For the past several years, I’ve been on a mission to embrace, explore, and express my creativity - basically, reclaim it from the clutches of academia, where creativity was encouraged, but limited to the parameters of the Chicago Manual of Style and the norms of scholarly discourse.  Since then, creativity has infused my life with newfound vitality, expansion, and imagination.  It’s propelled me toward risk and adventure.  It’s led me to new edges of self-expression.  And as with any energetic leap forward, it’s also illuminated some patterns and shadows to be processed and untangled along the way.

Productivity is one of the more consistent themes that’s come up in the process.  I often notice that when I’m unproductive in my creativity (like when I feel energetically blocked or artistically blobby), I get frustrated and a little panicked over the time and energy I’m wasting and losing in the process.  
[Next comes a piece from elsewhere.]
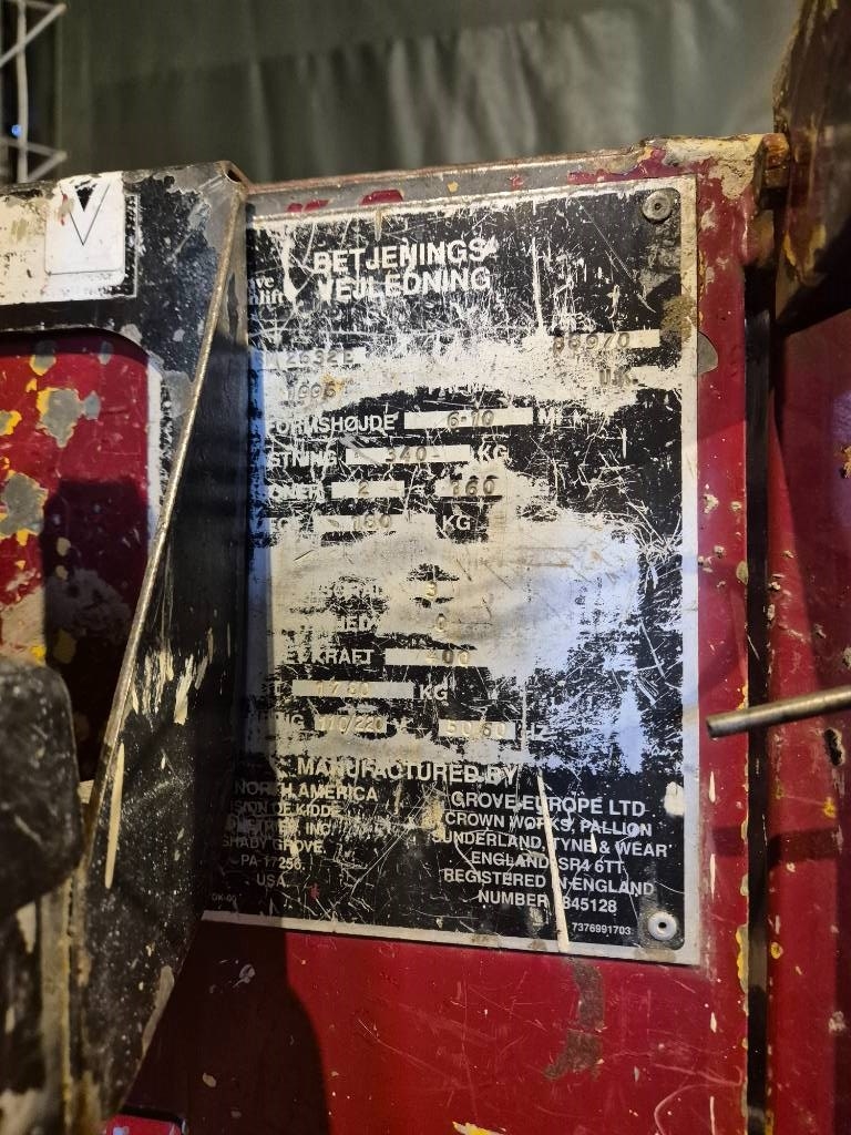 Mærke Grove. Model 6-10 meter 2 pers lift. Årgang 1995.

When I’ve looked more closely at all of this, I realize: it isn’t untrue.  I do waste a lot of time, energy, and potential.  I throw away a lot of what I create or could create.  And this is okay.  More than that, it’s essential.

Because we are organic and evolving creatures, our systems need space, give, and excess.  And our creative projects, also organic and evolving, need the same.  We need the nourishment of composted waste and recycled dead things to continue to grow and expand.

As I’ve found again and again, creativity defies notions of productivity as linear progression and absolute efficiency (which is what makes art such a fierce, defiant, and effective challenge to capitalism, as well as an essential tool in rewriting narratives around value, labor, and production). Whereas capitalism tells us we need to function like machines – staying in zones of activation, overdrawing our resources, and maximizing output at all times– creativity reminds us that moments of stagnation and slowness are part of the process, which not only allows for convoluted wanderings and wasteful inefficiencies, but actually requires them.

Whenever I waste my creative potential – for whatever reason – I am often tempted to either send it away to a landfill so I don’t have see or deal with what I lost, or, out of denial, stuff it in a jar with some preservatives and put it on a shelf, so that I can pretend nothing is lost. 

But there’s also a third option I’ve been trying to practice more and more.  And that is composting the wasted thing – burying it in my own garden, so that it can be recycled and incorporated back into my system.  But here’s the thing: the catalysts that instigate this composting process are the feelings of grief, regret, and frustration over what was wasted.  I have to feel this stuff to compost the loss.  Which means I carry the residue of the loss (even as it’s transmuted and transfigured) in my garden forever. 

But this is creativity and creation in general.  Waste, death, and break-down are part of what makes it possible and sustainable – together with the beauty, flow, and alchemy, all of it opening a path ahead that – paradoxically – is both well-worn and uncharted.